To give or not to give, that is often the question. Employment references can present legal risks for employers. Former employees and their subsequent employers may allege claims of negligence in the provision of references. In Canada negligent referencing has yet to be addressed definitively by the courts. However, in the United Kingdom, claims that an employer was negligent in providing a reference have arisen in two main factual scenarios:
- Where a former employee alleges that a former employer’s reference contained inaccurate or misleading statements. Due to their failure to take reasonable care, the employee claims to have experienced a loss.
- Where a subsequent employer claims that they have experienced a loss because they relied on a favourable reference given by an employee’s former employer that turned out to be inaccurate or misleading.
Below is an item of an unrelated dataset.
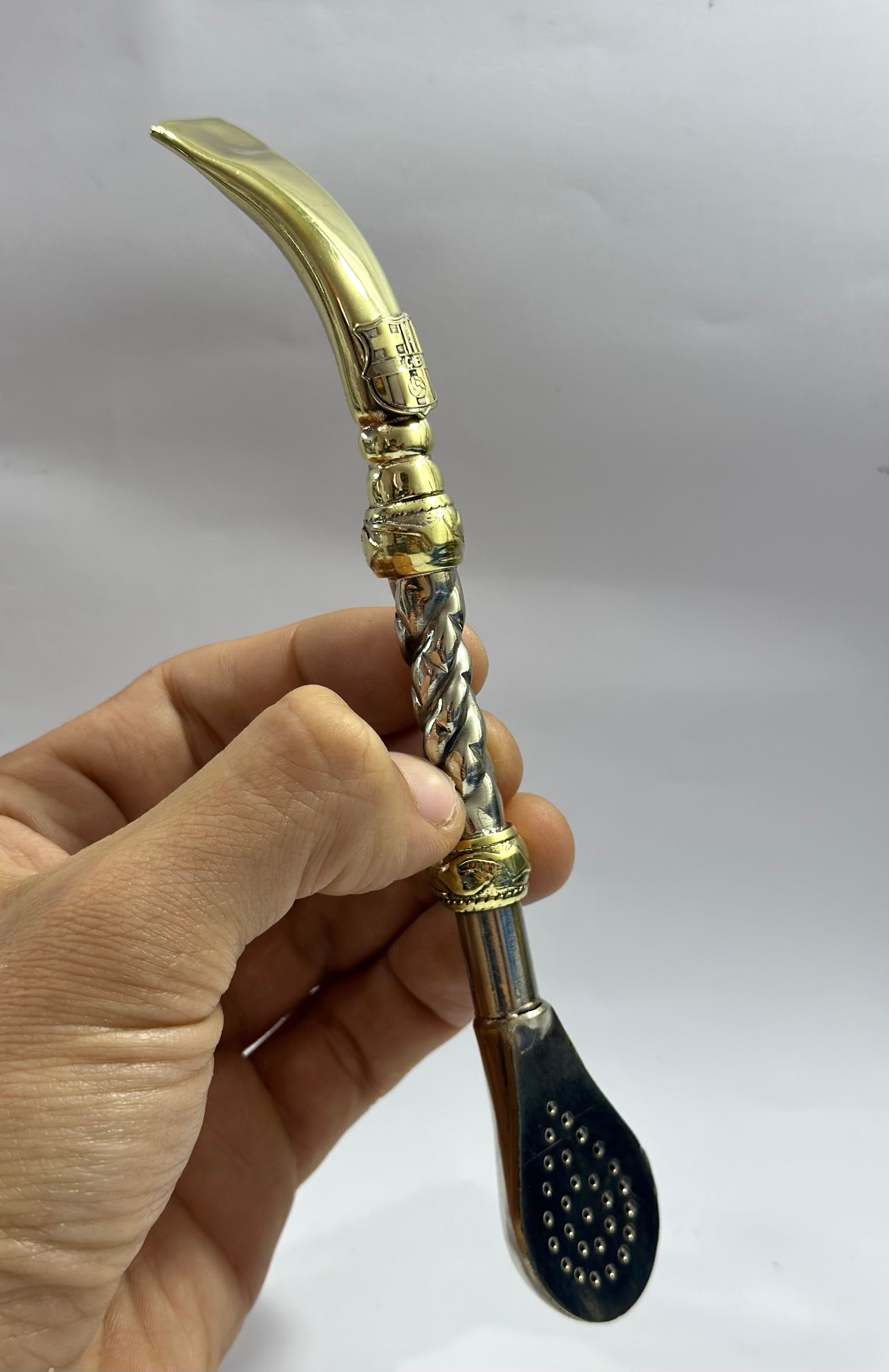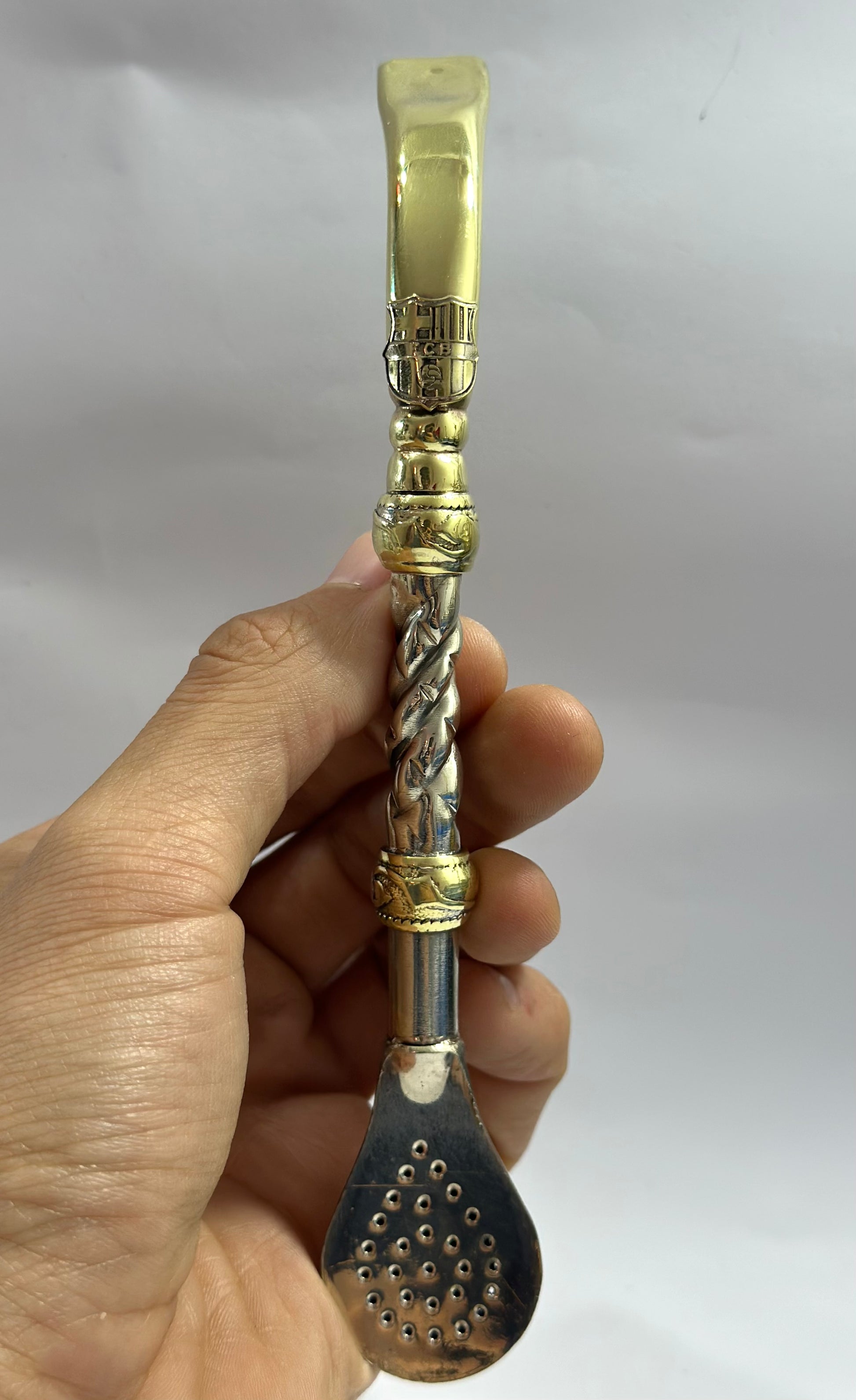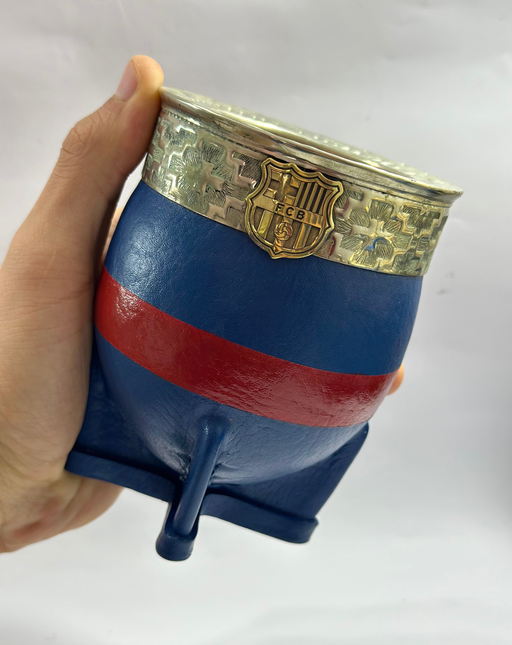 Mate imperial de calabaza con virola de alpaca cincelada, y trabajado en cuero Bi-Color , haciendo referencia a los colores de la institución del Club Barcelona de España , a su vez en el frontis del fleje de alpaca está soldado a su estructura el logo del Club de fútbol, con soldadura de plata en particular para brindar durabilidad y a su vez elegancia a un trabajo tan delicado como este. Este conjunto incluye nuestro bombillon artesanal de alpaca trenzada pico de loro en bronce, también con el logo de la institución.

The UK House of Lords addressed the employment reference two decades ago, recognizing the adverse effects a reference can ultimately have on the life of an individual. In Spring v. Guardian Assurance it was held that employers must take reasonable care to avoid giving inaccurate or misleading references. Such cases could inform the approach in Canada. The law of defamation provides employees in Canada with yet another avenue to recover damages. Where an employee can show that the employer’s hand was led by malice or ill will, liability may ensue on employers. Human rights considerations are also pertinent. Employers must be wary of any comments relating to protected grounds of discrimination, tensions and personal vendettas held by the referee, and making statements without a solid factual foundation to support them.
Employers would be well advised to develop policies that are applied equally. The provision of references should be entrusted to a specific individual who is knowledgeable of the issue and risks involved. Some employers may choose to only provide letters confirming facts of employment with no additional comments. The goal is to adopt best practices and avoid the potential for liability to ensure after employment has long ended.